The woman’s girlfriend and roommate also took the stand and I was again impressed at the poise of this 20-something. But my favorite testifier was the female police officer who investigated the case and made the arrest. Extremely calm. No facial expression. A young woman, she wore her straight brown hair in a perfect round bun at the base of her skull. 

“How does she get her hair to do that?” I asked Kim during break. Kim said she saw an ad on TV for a device that does it.

In this case, while cell phone photos had been deleted, a taped conversation called a pretext call provided incriminating evidence. The cop explained the pretext call. The cooperative victim or a witness to the act makes a telephone call to the suspect, with the police recording the call. The victim or the witness will attempt to engage the suspect in conversation about the sex offense to get it on tape. For the police to record such a call is legal, although in general recording a phone call without the consent of both parties is illegal. 

My new friend Kim was an alternate and so she disappeared after the trial as we were led out of the courtroom. I was glad she’d have time to make it to her parent-teacher conference in Petaluma.

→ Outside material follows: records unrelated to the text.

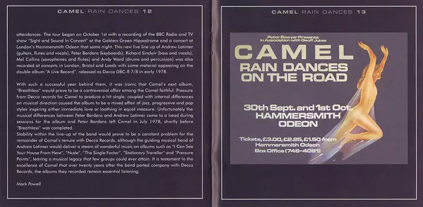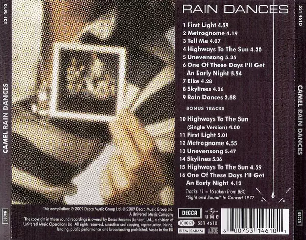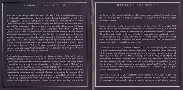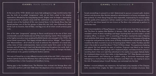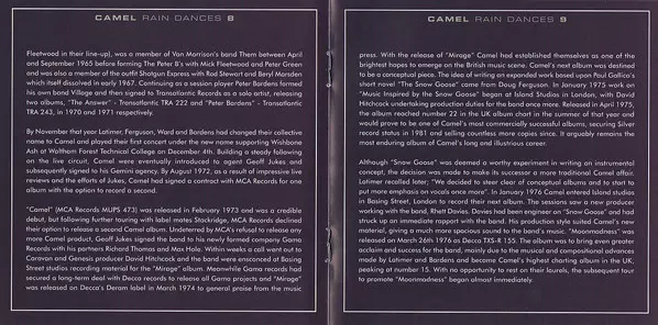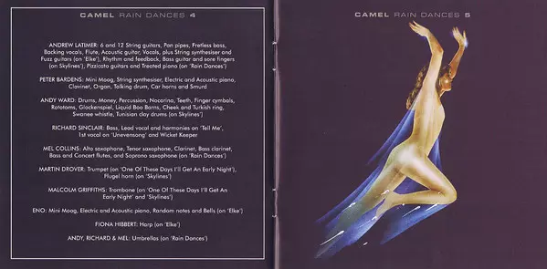 On their fifth album, the British prog-rock combo is in top form. Rain Dances is arguably the band's most consistent album Camel. Caravan co-founder Richard Sinclar on bass is an asset to the band, and Mel Collins' sax and horn parts are among the album's highlights.
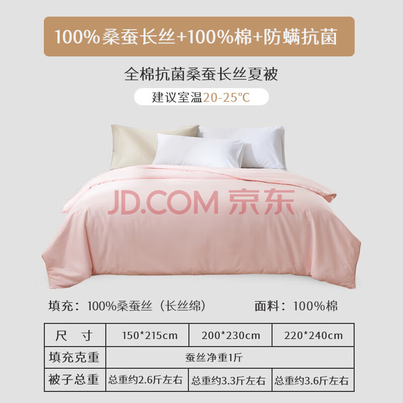 商品相册:太湖雪 100%桑蚕丝空调被 丝重1斤 全棉抑菌胎套 双人被220*240cm粉第
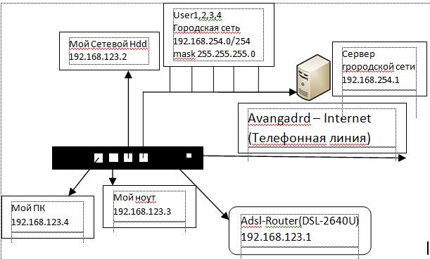 Здравствуйте, сложилась следующая ситуация, я подключён к городской сети, Область IP -192.168.254.0/254, IP моего ноута - 192.168.254.143; также есть Dsl роутер, ч/з который я подключаюсь к городской сети + через него выхожу в интернет, его IP - ....254.73, у меня появился сетевой диск, но админ городской сетки не разрешает мне его использовать в пределах его сети, подскажите, возможен ли такой вариант - допустим я назначу диску ip вне городской сети, например 210.210.210.143, как мне прописать роут в модеме, чтоб я его видел (сетевой hdd), а другие пользователи городской сети нет, и можно ли так сделать.
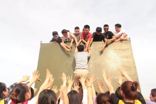 攀登毕业墙是拓展训练中最艰难的一关。4米高墙,要求所有成员不依赖任何工具翻越。队伍中的男生主动担起重任,搭建人梯,用自己的肩膀助力成员攀登。近六十名成员翻过,墙下的同学早已不堪重负,可没有人放弃,没有人抱怨,默默坚持到最后,他们的毅力和奉献精神,深深触动了在场的每位成员,大家团结一致,终于成功登上毕业墙,在出色完成任务的同时,团队成员间也建立了相互信任与深厚情谊。

In the jury deliberation room, we elected our foreman, a retired teacher and the eldest among us. The judge’s instructions reminded us that this was a criminal case, which requires a unanimous decision and that our decision must reflect the law, no matter what we personally thought. Representing the boomer generation, I was thinking of all the naked pictures I have taken of lovers while they were sleeping. When we were young we took lots of naked pictures. But of course we didn’t have cell phones and photos didn’t rest in the cloud.

“Don’t ever take naked pictures of me when I’m sleeping,” said my wife when I told her about the trial afterward.

“It’s so interesting to learn what the law is,” I said to the jurors. The law had changed since I was young, when sexual assault was not taken seriously. But was this sexual assault?

“Yeah, they should teach us about it in school,” said a young man with a nervous laugh.

There were abbreviated attempts to psychologize the players. How did the credo of the Purity movement contribute to the victim mentality? 

“But why did she bring charges against her fiancé?” said one juror, disgusted at having to use up her vacation time to decide what she considered a frivolous case.

“There’s more to the story,” said another. “She only filed charges after he started dating someone else.”

A general sense of distaste pervaded the room. We all took our job as jurors seriously but it was hard to take this case seriously. Should this really be a criminal matter? How does it make sense for the cops to be involved? Could this be a job for restorative justice or mediation, I wondered. What if some of the funding that goes to police could be diverted to programs to resolve cases like this one?

We only discussed the case briefly before coming to consensus. Not guilty of the charge of battery. Guilty of the charge of photographing a person’s body for sexual pleasure without their consent.

When the jury deliberation room door opened and we were let out, I hated to leave my fellow jurors so abruptly. Judging others had brought us closer. I wanted to hang out with them, maybe go have a beer. But no one was asking and besides I had to get home and delete some pictures.